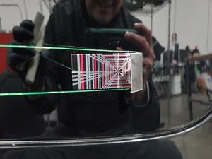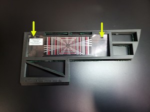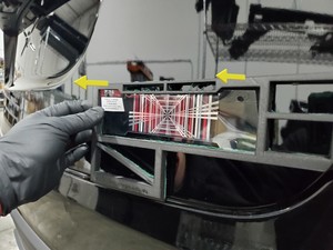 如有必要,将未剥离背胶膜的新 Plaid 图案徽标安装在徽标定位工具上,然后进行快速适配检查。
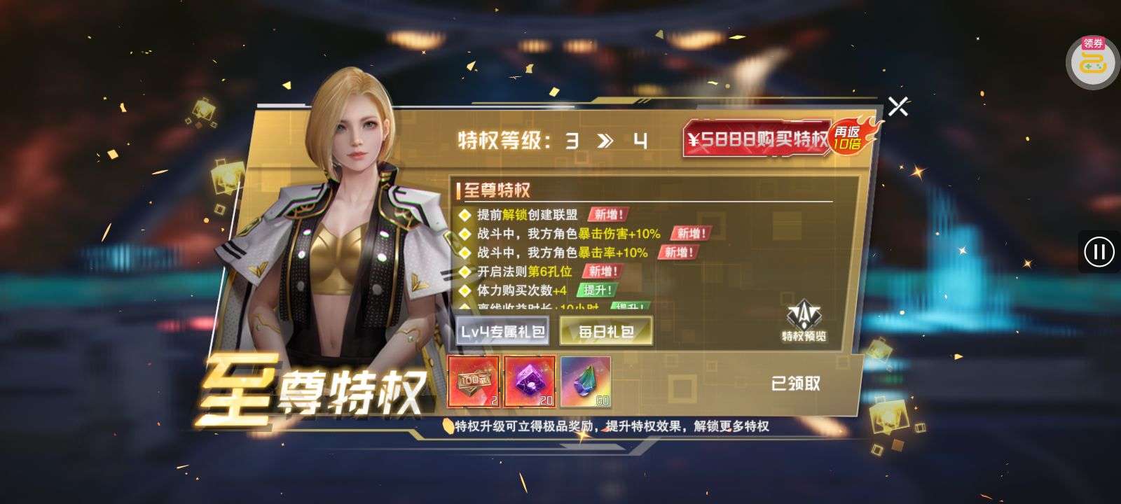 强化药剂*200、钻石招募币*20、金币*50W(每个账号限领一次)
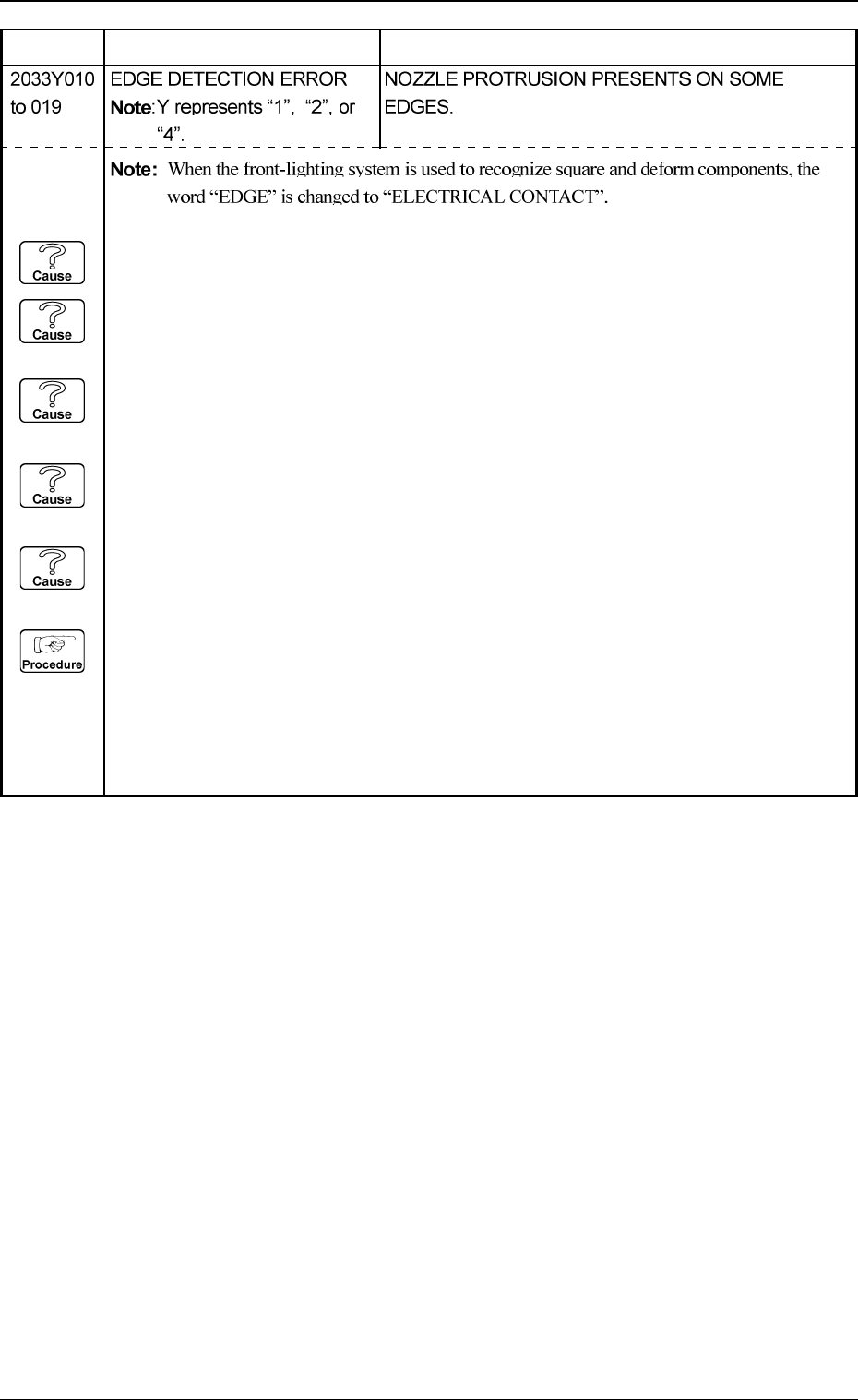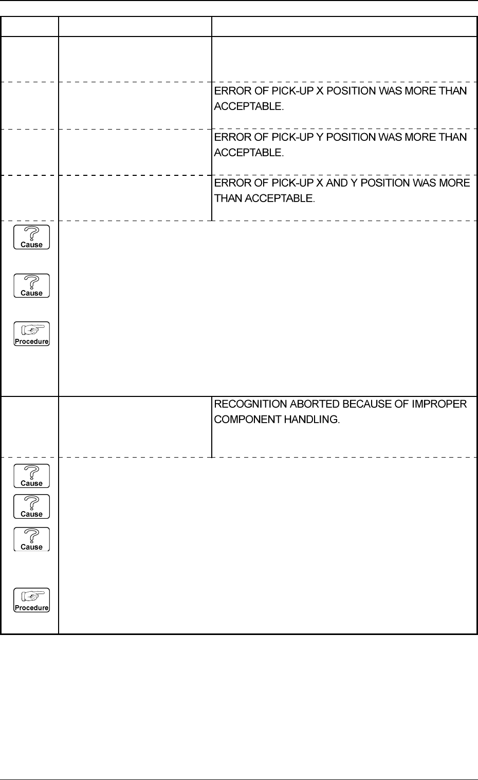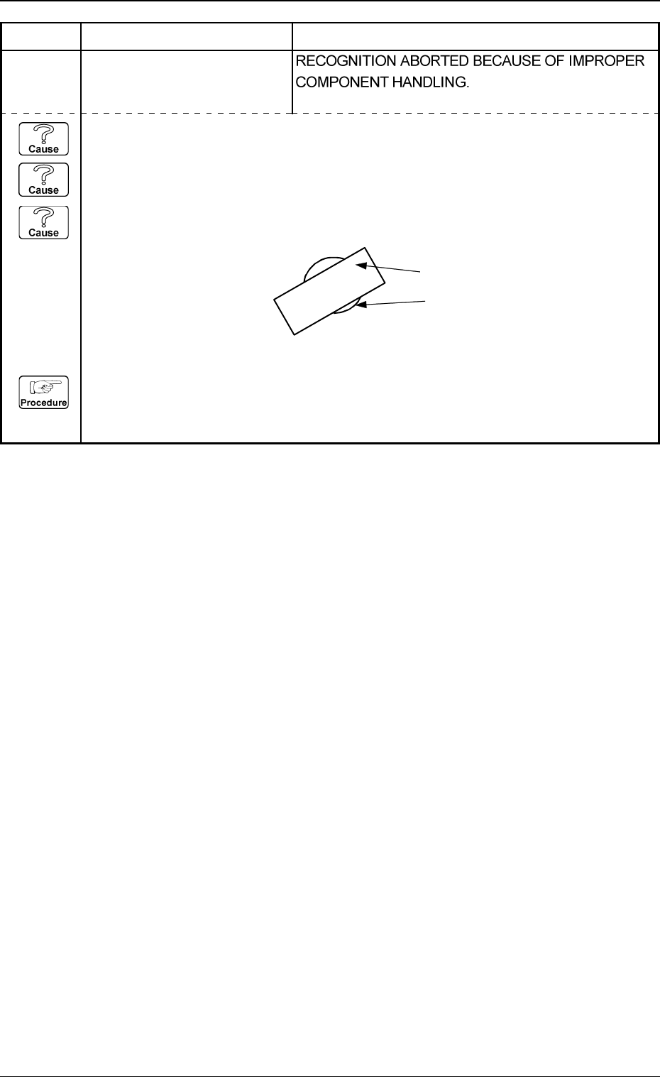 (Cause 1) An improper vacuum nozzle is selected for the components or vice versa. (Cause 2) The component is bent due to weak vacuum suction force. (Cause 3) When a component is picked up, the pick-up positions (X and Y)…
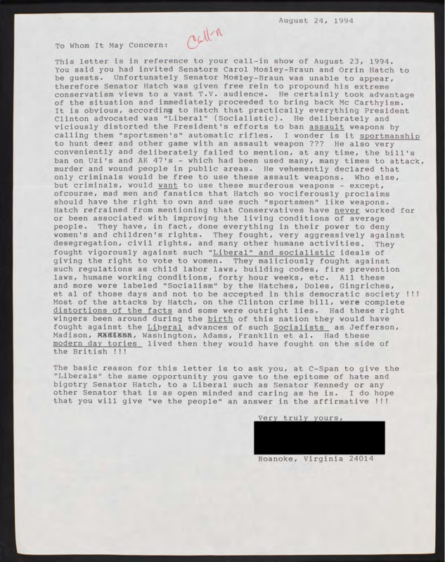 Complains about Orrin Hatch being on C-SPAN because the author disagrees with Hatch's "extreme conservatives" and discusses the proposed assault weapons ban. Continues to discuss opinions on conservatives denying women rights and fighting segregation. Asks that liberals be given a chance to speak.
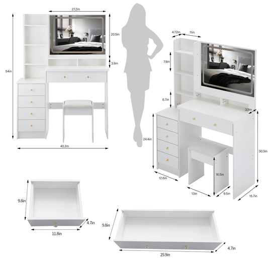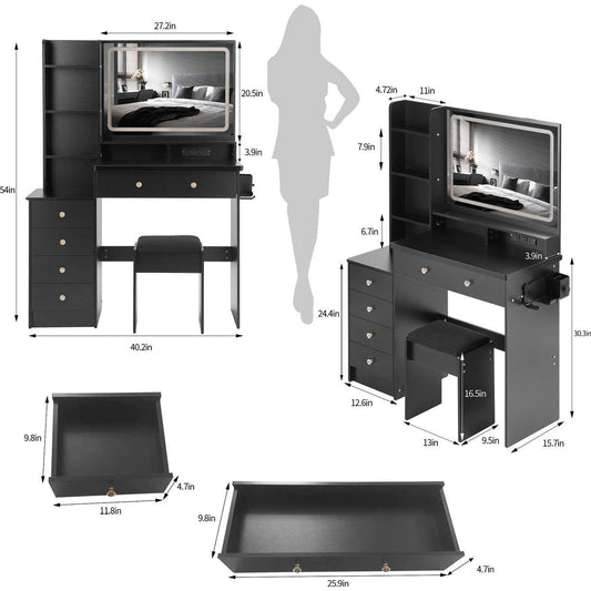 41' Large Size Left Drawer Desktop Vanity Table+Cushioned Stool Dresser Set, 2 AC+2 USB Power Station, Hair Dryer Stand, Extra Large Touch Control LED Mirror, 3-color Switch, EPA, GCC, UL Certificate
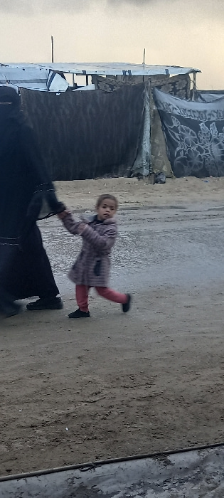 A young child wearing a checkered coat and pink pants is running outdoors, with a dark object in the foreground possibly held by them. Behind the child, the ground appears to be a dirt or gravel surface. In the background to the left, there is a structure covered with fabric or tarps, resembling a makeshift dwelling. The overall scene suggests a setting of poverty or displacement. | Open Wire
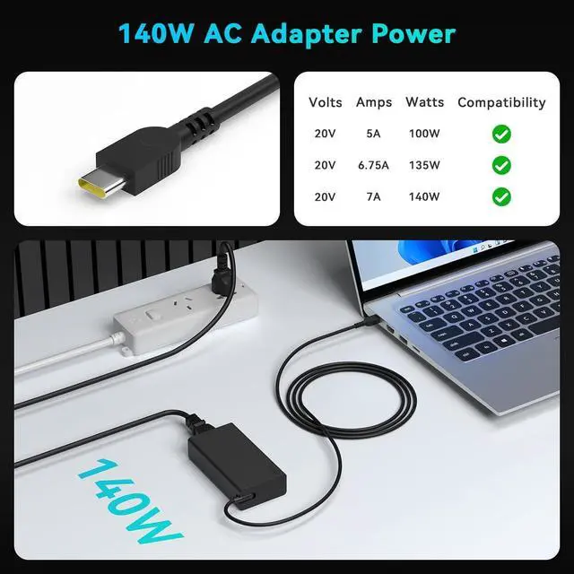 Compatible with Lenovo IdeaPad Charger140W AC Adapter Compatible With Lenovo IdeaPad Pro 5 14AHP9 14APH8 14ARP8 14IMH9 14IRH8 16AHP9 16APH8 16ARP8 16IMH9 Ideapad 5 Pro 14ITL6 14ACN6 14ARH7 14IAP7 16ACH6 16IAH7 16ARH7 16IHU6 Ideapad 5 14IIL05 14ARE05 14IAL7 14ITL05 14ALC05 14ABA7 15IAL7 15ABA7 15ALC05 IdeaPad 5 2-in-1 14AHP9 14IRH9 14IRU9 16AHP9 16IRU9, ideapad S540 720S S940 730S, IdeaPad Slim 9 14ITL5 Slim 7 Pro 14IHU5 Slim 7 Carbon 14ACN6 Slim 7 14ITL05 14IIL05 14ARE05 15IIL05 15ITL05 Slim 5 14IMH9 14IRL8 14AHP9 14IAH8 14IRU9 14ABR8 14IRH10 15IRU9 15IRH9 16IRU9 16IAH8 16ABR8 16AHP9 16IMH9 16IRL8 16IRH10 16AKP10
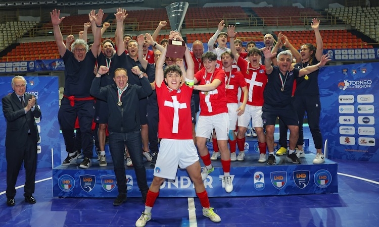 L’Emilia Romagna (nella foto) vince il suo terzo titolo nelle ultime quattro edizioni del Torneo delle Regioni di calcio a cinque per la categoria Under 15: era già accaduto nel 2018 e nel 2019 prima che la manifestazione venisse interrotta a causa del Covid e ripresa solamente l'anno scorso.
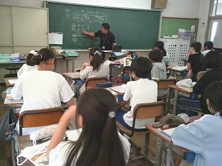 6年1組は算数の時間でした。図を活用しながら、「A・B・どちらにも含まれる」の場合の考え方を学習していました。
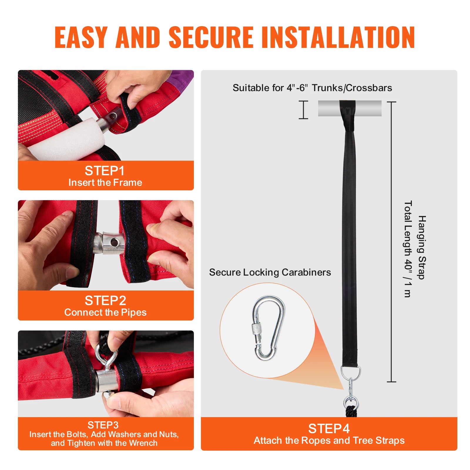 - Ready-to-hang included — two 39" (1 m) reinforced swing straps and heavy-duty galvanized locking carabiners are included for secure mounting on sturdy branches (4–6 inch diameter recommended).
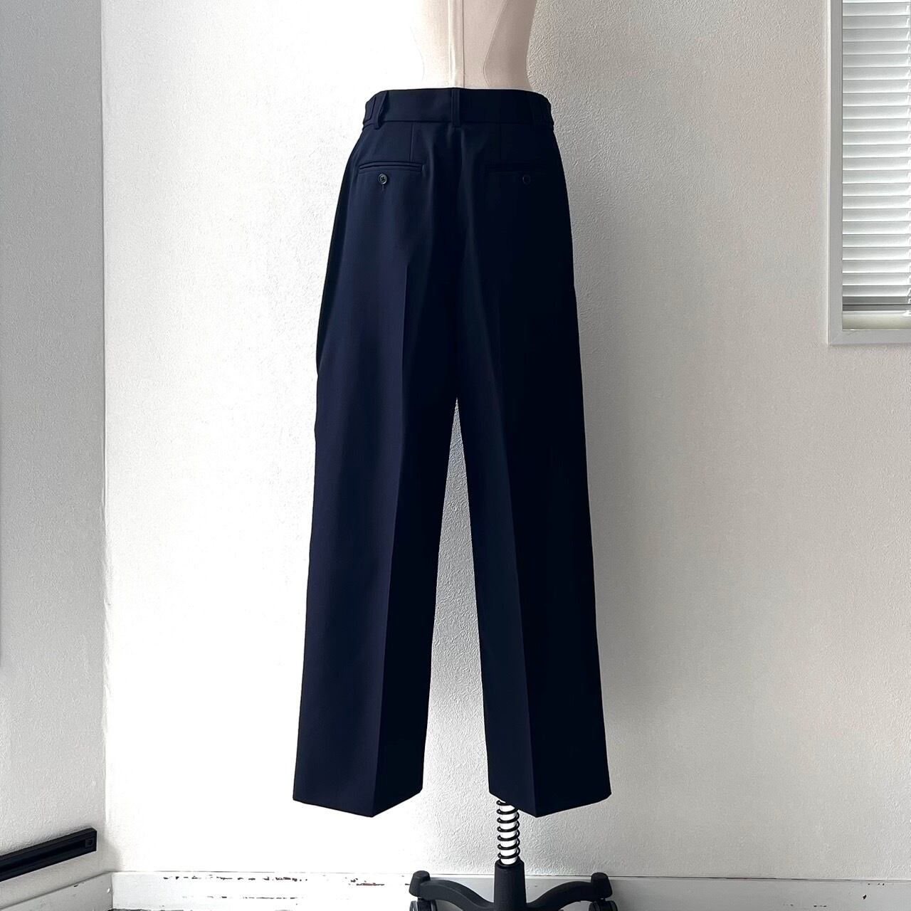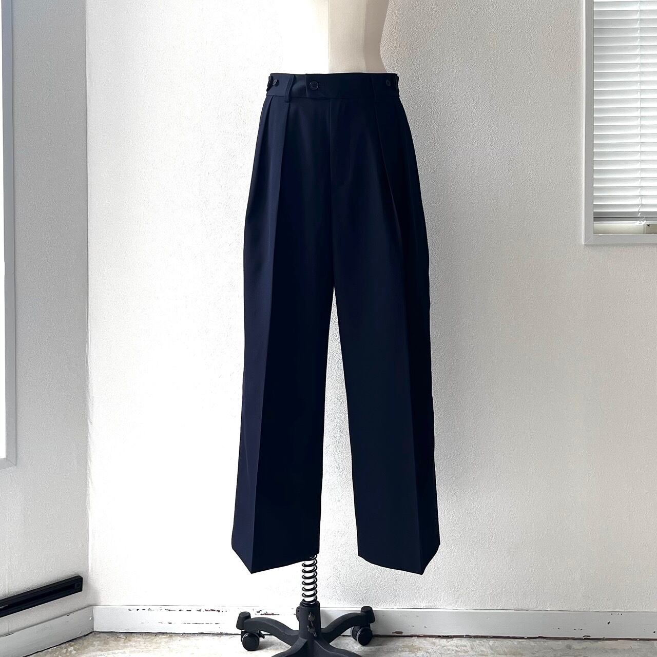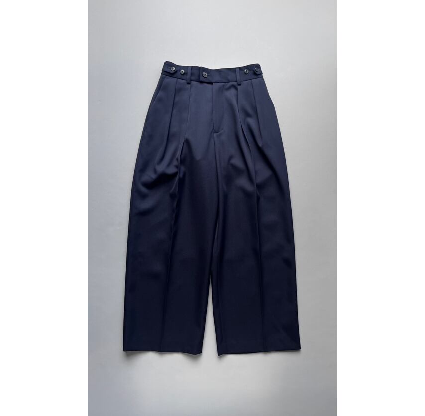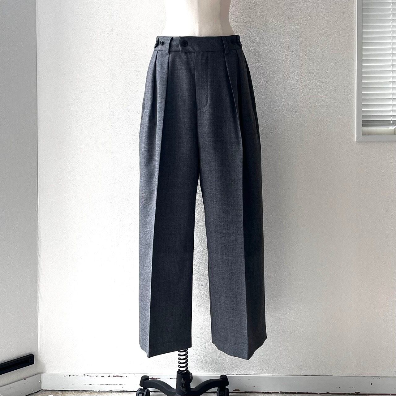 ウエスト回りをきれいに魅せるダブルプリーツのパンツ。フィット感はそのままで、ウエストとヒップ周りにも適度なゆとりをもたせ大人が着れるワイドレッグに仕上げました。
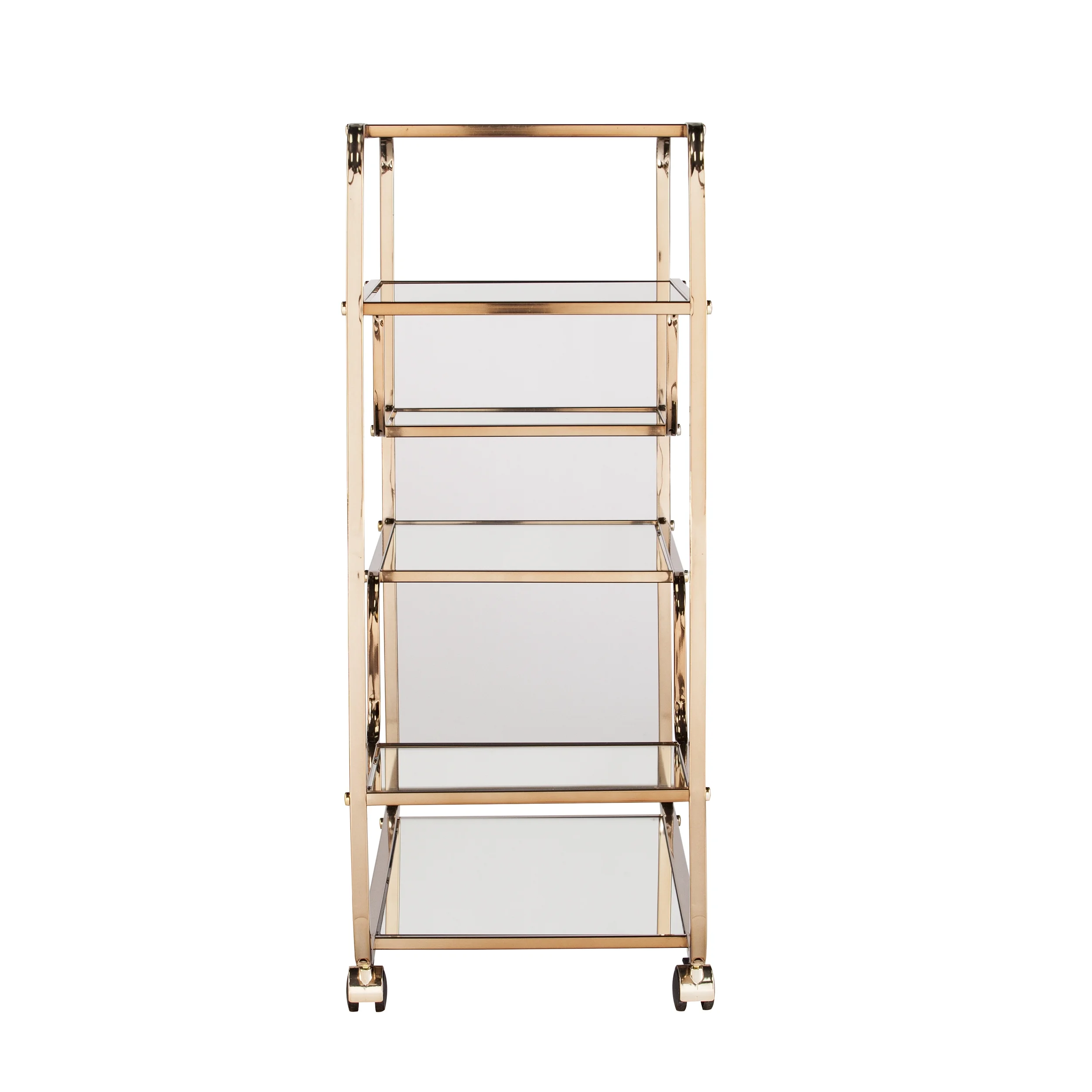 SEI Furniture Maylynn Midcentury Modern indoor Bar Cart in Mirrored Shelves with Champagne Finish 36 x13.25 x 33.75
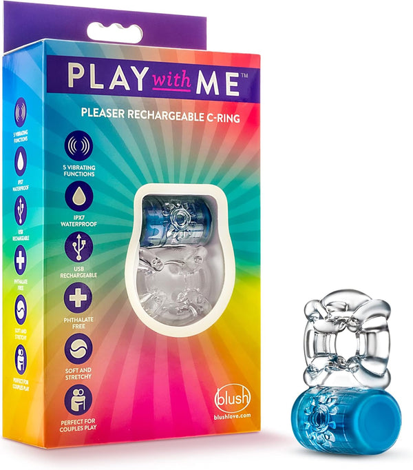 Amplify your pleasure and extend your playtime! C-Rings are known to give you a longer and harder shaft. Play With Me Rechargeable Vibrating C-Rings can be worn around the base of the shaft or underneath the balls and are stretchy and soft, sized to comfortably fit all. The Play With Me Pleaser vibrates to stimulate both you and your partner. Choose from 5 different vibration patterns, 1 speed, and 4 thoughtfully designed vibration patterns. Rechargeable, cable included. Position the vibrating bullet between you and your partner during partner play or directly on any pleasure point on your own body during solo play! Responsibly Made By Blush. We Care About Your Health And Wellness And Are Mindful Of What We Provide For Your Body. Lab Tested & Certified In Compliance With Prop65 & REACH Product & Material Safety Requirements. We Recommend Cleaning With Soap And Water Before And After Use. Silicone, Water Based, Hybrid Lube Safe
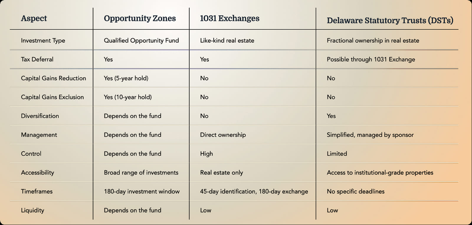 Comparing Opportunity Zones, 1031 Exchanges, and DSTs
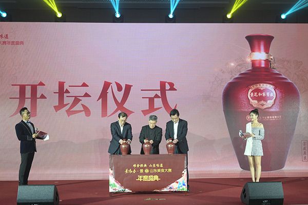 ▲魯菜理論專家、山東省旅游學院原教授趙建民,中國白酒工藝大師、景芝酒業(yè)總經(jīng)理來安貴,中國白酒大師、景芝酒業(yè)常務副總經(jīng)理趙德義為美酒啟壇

____

ABOUT THIS TASK –
Above are the records; restate exactly the lines from the one containing "- Ready-to-hang included" through the one containing "SEI Furniture Maylynn", keeping pictures out.

SOLUTION –
 - Ready-to-hang included — two 39" (1 m) reinforced swing straps and heavy-duty galvanized locking carabiners are included for secure mounting on sturdy branches (4–6 inch diameter recommended).
 ウエスト回りをきれいに魅せるダブルプリーツのパンツ。フィット感はそのままで、ウエストとヒップ周りにも適度なゆとりをもたせ大人が着れるワイドレッグに仕上げました。
 SEI Furniture Maylynn Midcentury Modern indoor Bar Cart in Mirrored Shelves with Champagne Finish 36 x13.25 x 33.75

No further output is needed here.